Abstract

In creep design, not only secondary creep but also primary and tertiary creep regimes become important for an accurate creep life prediction and need to be accounted for in more sophisticated models. Mechanism-based theories showed a better potential since they usually leads to more accurate prediction over wider range of stress and temperature. It has long been recognized that the mechanics and kinetics of the deformation and recovery processes occurring at the microscale are determined by, amongst other things, the local effective stress while, at macroscopic level, it may still possible to discern an effective stress, which is different from the applied stress that drives the creep strain accumulation, [1]. Recently, the authors proposed an internal stress based model for primary creep, which is independent on the creep rate formulation at the steady state, ensuring the continuity of the creep curve at the transition between primary and secondary creep stages, [2]. In this work, in order to account for all creep stages, this modeling framework is extended further.
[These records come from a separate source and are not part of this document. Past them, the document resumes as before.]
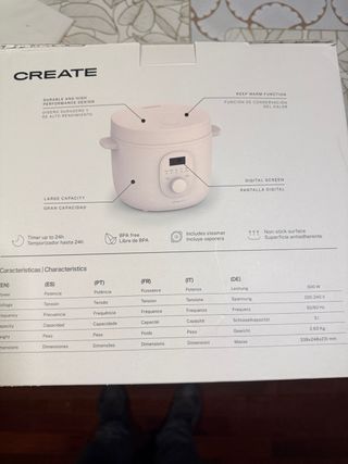 Olla arrocera eléctrica CREATE/RICE COOKER/Arrocera eléctrica multifunción 2L blanco roto/Programable hasta 24h, falta la vaporera de ahí su precio función de mantener el calor, 400W "olla arrocera create". - Recipiente antiadherente. nuevo totalmente nunca usado ver sin compromiso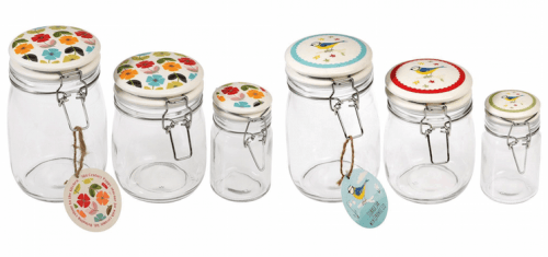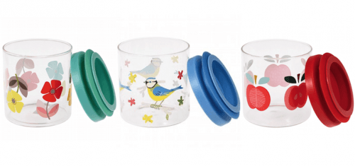 Pictured: Mid Century Poppy Glass Storage Jar - £6.95 (left) Blue Tit Glass Storage Jar - £6.95 (centre), Vintage Apple Glass Storage Jar - £6.95 (right)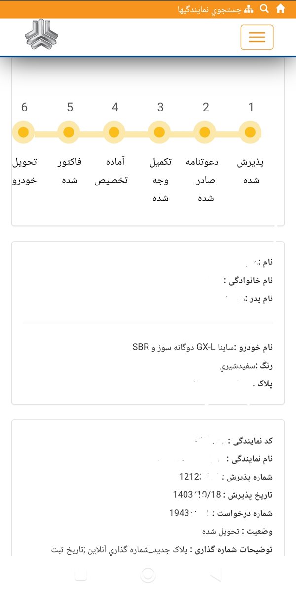 واریز اول 1403/10/17 واریزی دوم 1404/6/17 فاکتور در تاریخ 1404/8/27 همراه با SBR تحویل خود ماشین در تاریخ 1404/9/1 ساینا دوگانه ماشین خوبیه همه چیز مرتب واقعا ارزش صبر کردن داشت خدا رو شکر که تبدیل نزدم به ساینا تک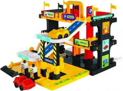 Сервизният гараж WADER ще зарадва малките шофьори и феновете на колите. Предлага 3 етажа, пълни с действие, с асансьор, рампи, автомивка, автосервиз и 2 колички. Цветна, устойчива конструкция от висококачествен пластмасов материал, 76 стикера за персонализиране и лесен монтаж. Идеален от 3 години.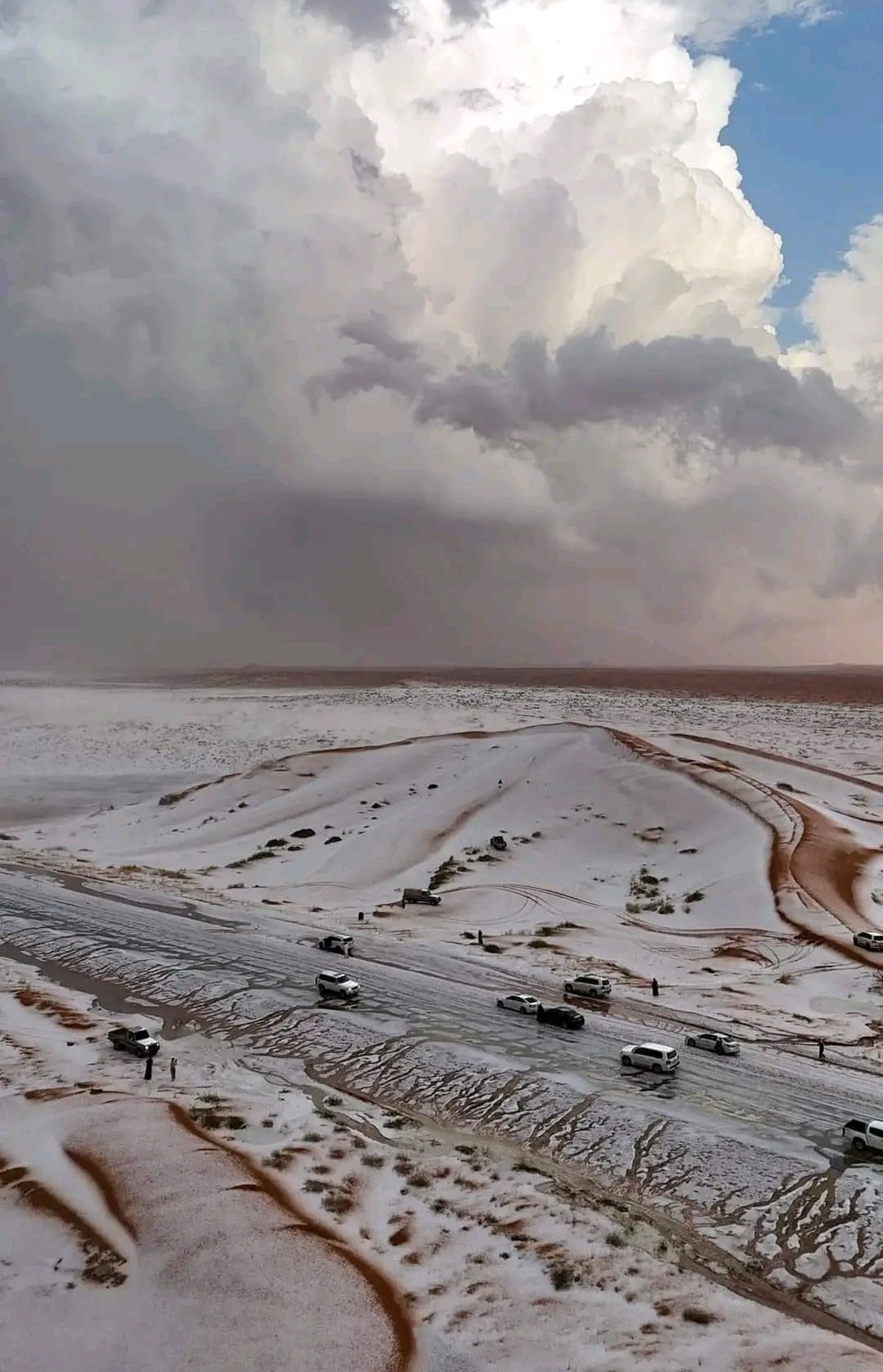 位於中東的沙特阿拉伯,長年炎熱,屬於天氣極度乾旱的沙漠地區。不過,沙特阿拉伯西北部的焦夫省在上週罕有降雪與落冰雹,讓原本黃沙滾滾的荒蕪沙漠,披上一層銀白色的銀裳,吸引許多當地民眾出門賞雪。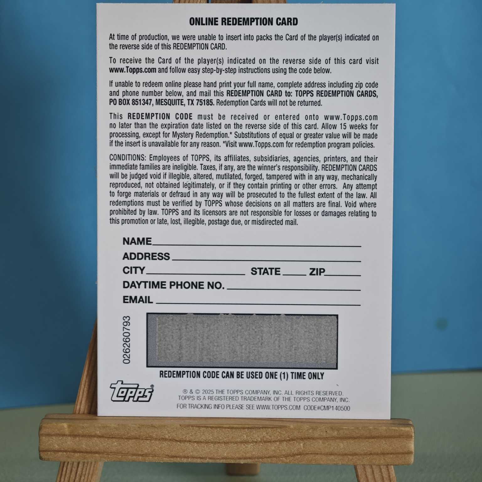 欢迎光临小米粥代卖,本店承接球星卡、TCG、影视卡等卡片代卖服务,有意老板可添加微信客服咨询,vx:18861858959,代卖手续费最低至0元。以下是拍卖细则,拍前需熟知,出价即视为默认接受。①发货一般情况默认顺丰快递陆运江浙沪12元其他地区18元,【新疆省台湾省香港澳门等国内地区联系到付,其他地方不支持到付】只发默认地址,不接受站内信留言转寄,修改地址请在付款界面自行修改。同时购买了多标卡的请等待合并订单后再付款。如果快递发出后因快递公司原因发生丢失/损毁的,本店不负责赔付。②卡品如图,厚卡有轻微白边属于正常现象!镜面有细小划痕属于正常现象,请注意!有些卡品拆出来即如此!有疑问可以发站内信或者微信索要细节图!如无特殊说明均为通行品。IMM,NOIR,金书等系列厚卡老卡有白边白角属于正常卡品,镜面卡签有小划痕属于正常通行品相,评级卡砖上的划痕和破损不属于品相问题,新秀银折不保证金标,要评级追求金标者请直接购买金标。③不支持累计!拍下后请于规定3天内付款,逾期未付款按规定投诉封号处理!④所有上拍的卡片一般单价高于20元的卡都有卡具保护,如额外需要卡具可站内信留言,另外购买。最后希望给各位客官带来一次美好的拍卖体验,有任何疑问,请在站内信提前沟通,有做的不好的还望多多包涵!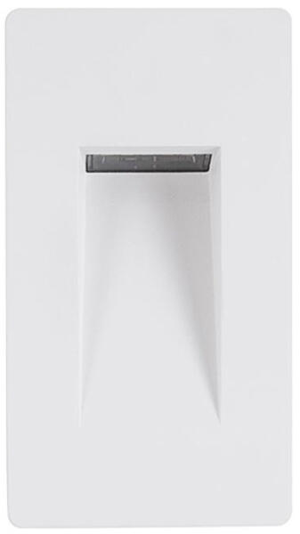 Alumíniumból készült, matt fehér színű kültéri oldalfalba süllyeszthető lámpa. IP54-ös védelemmel rendelkezik, azaz fröccsenő víz ellen védet minden irányból. 3000Kelvines, azaz meleg fehér fényű beépített LED fényforrást tartalmaz, mely nem cserélhető. Világítási szöge 120fok. Ideális választás lépcsőmegvilágításnak. Kivágási mérete 132x74x50mm. Specifi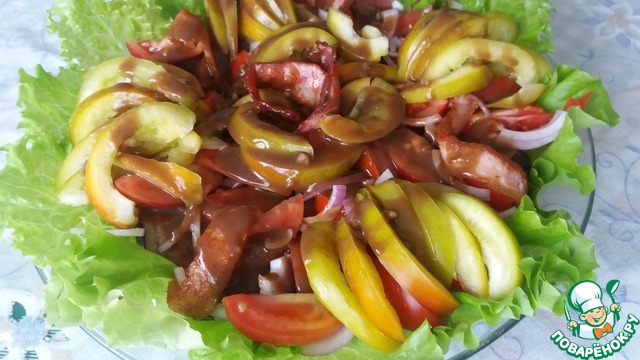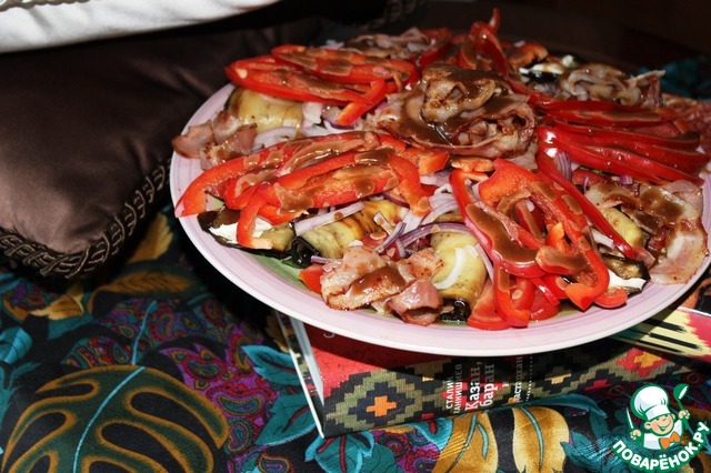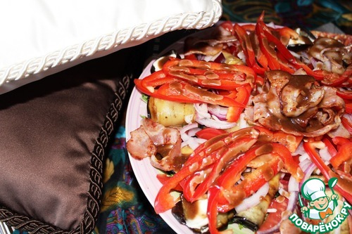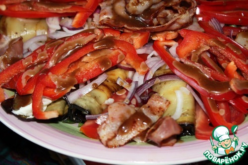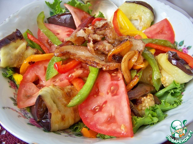 Название придумала не сама, родственники назвали, хотя какой бекон на востоке, но спорить не стала. Свежие овощи прекрасно сочетаются с обжаренными баклажанами и беконом, а пикантная заправка все соединяет и украшает.

In particular, for tertiary creep stage, it is assumed that the occurrence of microstructural modifications (such as fine particle dissolution, secondary phase precipitations, etc.) is the process responsible for the reduction of the internal stress and consequent increase of the creep rate as result of the increment of the effective stress. The possibility to derive the internal stress decay function from tertiary creep data is discussed. The proposed model has been applied to P91 high chromium steel and preliminary results are presented in this work.